Como exemplo de uso da razoabilidade para se fixar uma interpretação, pode-se citar o acórdão proferido pelo Tribunal Regional Federal da 5ª Região na Apelação Cível n. 00142043720114058100, em que se analisou sanção por inobservância da norma que, nas operações internacionais, obriga o contribuinte a apresentar a via original da fatura comercial, assinada pelo exportador. A discussão deu-se no caso concreto por um motivo só: a fatura

original estava assinada por meio de chancela e não de “próprio punho”, como queria o Fisco,

matéria na época: “Art. 553 – A declaração de importação será instruída com [...] II – a via original da fatura comercial, assinada pelo exportador”. No Judiciário, decidiu-se o seguinte:

Percebe-se claramente que o legislador, em nenhum momento, fez constar na referida norma a obrigatoriedade de ser a assinatura na fatura comercial feita de próprio punho, mas que sim, seja apenas assinada pelo exportador.

Tal fato, a meu ver, afasta qualquer penalidade aplicada contra a empresa, sobretudo em razão do princípio da razoabilidade.

Registre-se que a impetrante recolheu todos os tributos referentes à importação em si das mercadorias. (BRASIL, 2012j).

Como se vê, ao contrário do que ocorreu no primeiro exemplo, quando se afastaram normas sob o fundamento de que levá-las em conta atentaria contra a razoabilidade, no segundo exemplo a norma foi examinada e interpretada, extraindo-se dela mesma a aplicação mais razoável.

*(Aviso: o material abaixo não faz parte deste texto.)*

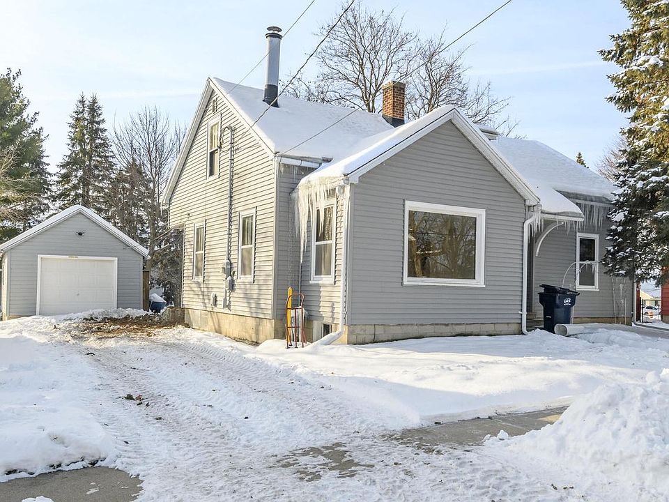 Charming 2 bedroom home within walking distance to stores and more. Enter into a extra large and open living room featuring a picture window and gorgeous brick accent wall. Kitchen includes an abundance of cabinet space and new flooring. Both bedrooms are spacious and primary includes a wall of built ins for extra storage. New updates in the bathroom include a tile shower surround, flooring, vanity, and some electrical. Need more space? This home boasts a walk up attic waiting for your finishing touches, which could include another bathroom and bedroom or use for storage. The amount of useable space in the basement may surprise you! Perfect for storage, workshop area, laundry, or create a den. Park like yard and detached garage are also great perks of this home!

Poder-se-ia fazer uma objeção contra a utilidade de se distinguir essas aplicações da razoabilidade: os dois casos têm resultados idênticos, isto é, o afastamento de uma sanção tributária. Além disso, não há interpretação somente no segundo exemplo, mas também no primeiro, o do IPI, em que as normas infralegais são colocadas em confronto com preceitos legais e constitucionais, em um típico exercício de interpretação sistemática.

A resposta a essa objeção começa por se admitir que de fato, em ambos os exemplos, há atividade interpretativa. No entanto, há uma diferença: enquanto no exemplo do IPI duas normas (infralegais) foram implicitamente afastadas, no exemplo da importação nenhuma regra foi afastada. A decisão baseou-se no próprio texto. Mas em ambos os casos falou-se em

“razoabilidade”. No primeiro caso, fez-se um contraste entre normas infraconstitucionais e a

Constituição. No segundo, o texto legal não foi comparado com nenhum texto externo, mas examinado em seus próprios termos.

4.2.3.2.2 O duplo enfoque na doutrina

Para Celso Ribeiro Bastos (2010, p. 185), a proporcionalidade é "[...] um guia à atividade interpretativa." Eros Grau diz que são "[...] postulados normativos da interpretação/aplicação do Direito - um nome dado aos velhos desprezados cânones da interpretação[...]" (2003, p. 181). Também vem de Nagib Slaibi Filho a afirmação de que “a

teoria da razoabilidade pressupõe premissas (pré-emitidas) ou pressupostos (“pré-supostos”)

identificando-se com os preconceitos (ou valores preconcebidos) que norteiam a aplicação do Direito.” (2004, p. 127). E falando dos dois enfoques:

[...] o princípio da proporcionalidade ou da razoabilidade, em essência, consubstancia uma pauta de natureza axiológica que emana diretamente das idéias de justiça, equidade, bom senso, prudência, moderação, justa medida, proibição do excesso,

direito justo e valores afins; precede e condiciona a positivação jurídica, inclusive a de nível constitucional; e, ainda, enquanto princípio geral do direito, serve de regra de interpretação para todo o ordenamento jurídico. (MENDES; GONET BRANCO; COELHO, 2010, p. 181).

Na mesma linha, Eros Grau (2004, p. 27-30), em artigo intitulado Eqüidade,

razoabilidade e proporcionalidade, anota:

[...] a proporcionalidade não passa de um novo nome dado à eqüidade. Sua rejeição pelo direito moderno, porque incompatível com a calculabilidade e a segurança jurídica, era plenamente adequada à teoria da subsunção.

Sendo isso correto – ou seja, que a proporcionalidade não passa de um novo nome dado à eqüidade – essa verificação tornará mais fluente a compreensão de dois aspectos que passo a enunciar, objetivamente. A proporcionalidade não é um princípio, mas uma pauta, um critério de interpretação.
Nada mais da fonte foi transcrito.